Must the saved remain sheep-like, ignorant and weak? But then, Blake is not really talking about heaven at all. The lion-spirit of The Little Girl Lost' and The Little Girl Found', poems which were transferred to Experience after originally being published in Innocence, is like a god of the Underworld: Dis to the girl's Proserpina, or Comus to the girl's bloom of Ludlow Castle. For she is not led to paradise but to a 'palace deep' in 'a lonely dell' (E, 22), not to the positive sexual awakening or catharsis of experience which is often inferred,48 but to a comatose subsistence, away from life's pressures, to a state of protection that is imprisonment and exile.

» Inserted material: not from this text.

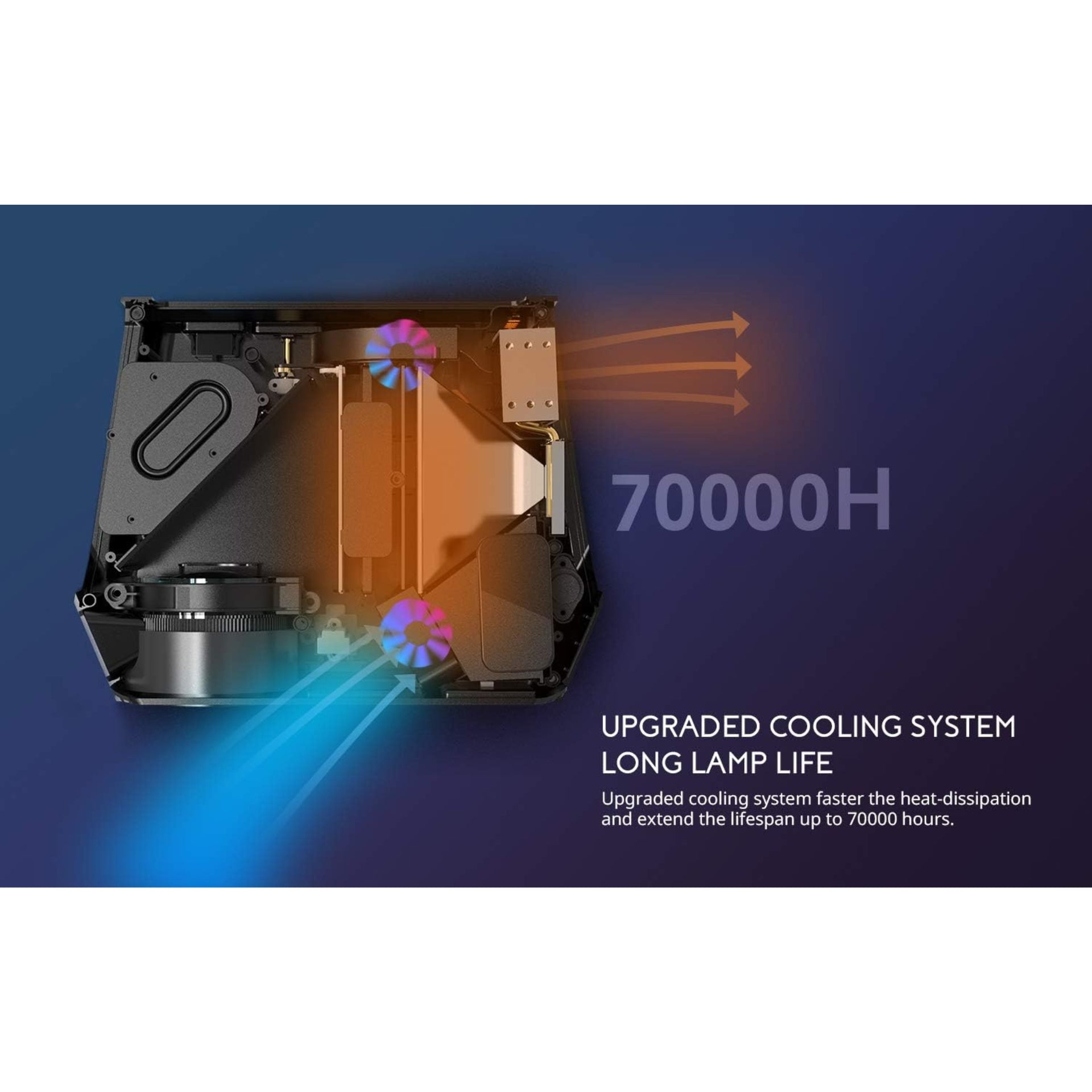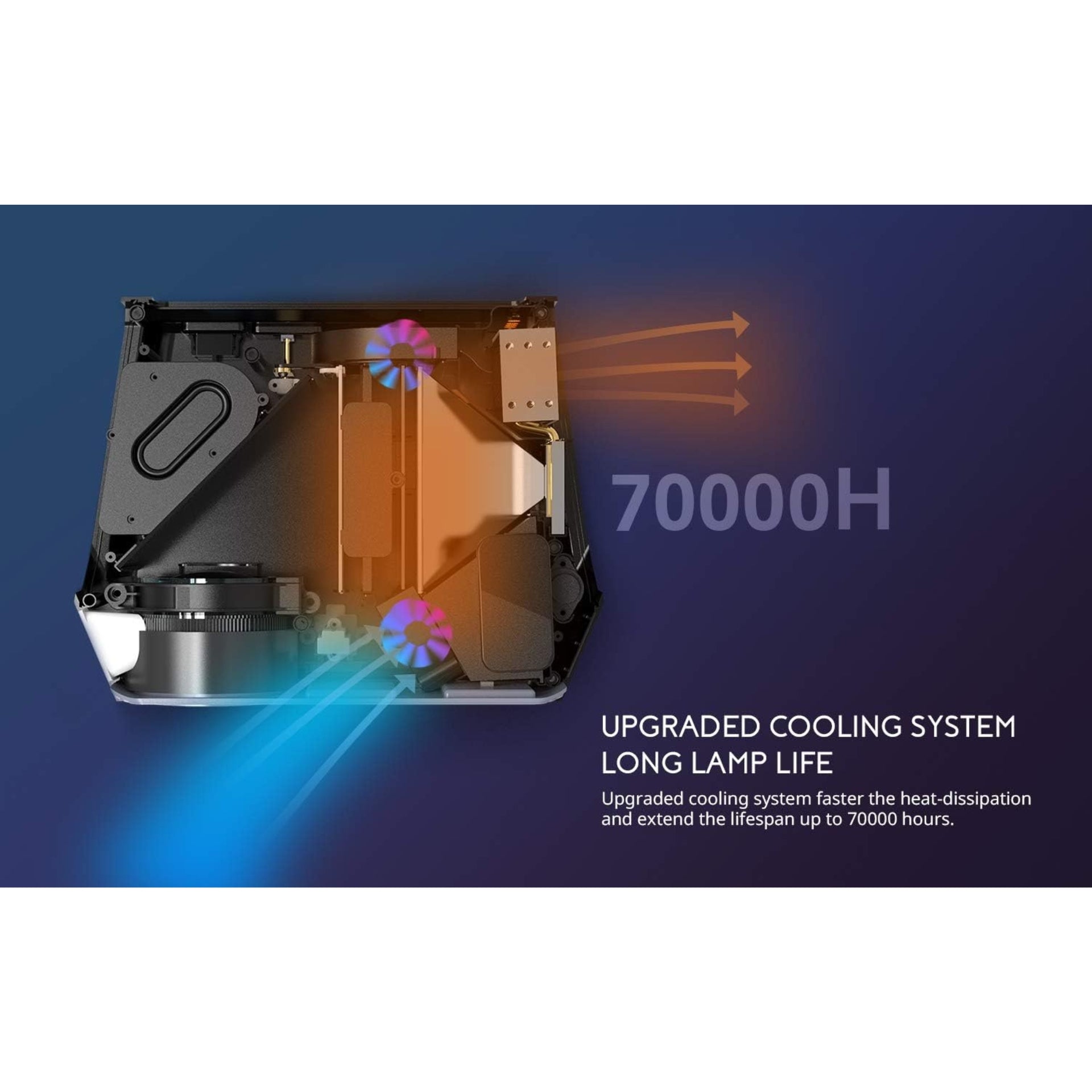 • 🎦 Long Lifespan & Advanced Cooling System ---- Equipped with an innovative cooling system, 2 fans running simultaneous greatly improves the heat dissipation effect, which ensures the projector keep its best performance in a long time operation while working quiet. And minimize the power consumption of Led lamp to extend the useful life of the lamp to a maximum of 70000 hours.

In An Island in the Moon, Blake had shown the desire for genius in a satirical light: 'Honour & Genius is all I ask,' sings Quid, 'And I ask the Gods no more' (p. 4; E, 452). But then, as Blake was later to assert, 'More! More! is the cry of a mistaken soul, less than All cannot satisfy Man' (NNR [b], V; E, 2). Blake seems intermittently aware that to set himself up as possessing genius is provocative but at times that seems to be the point. To claim genius is like claiming to believe in innate ideas: it gives an eccentric, subjective view of the world precedence over the institutional views of the Royal Academy, for example, or the scientific community as Blake perceives it, or the structures of political control.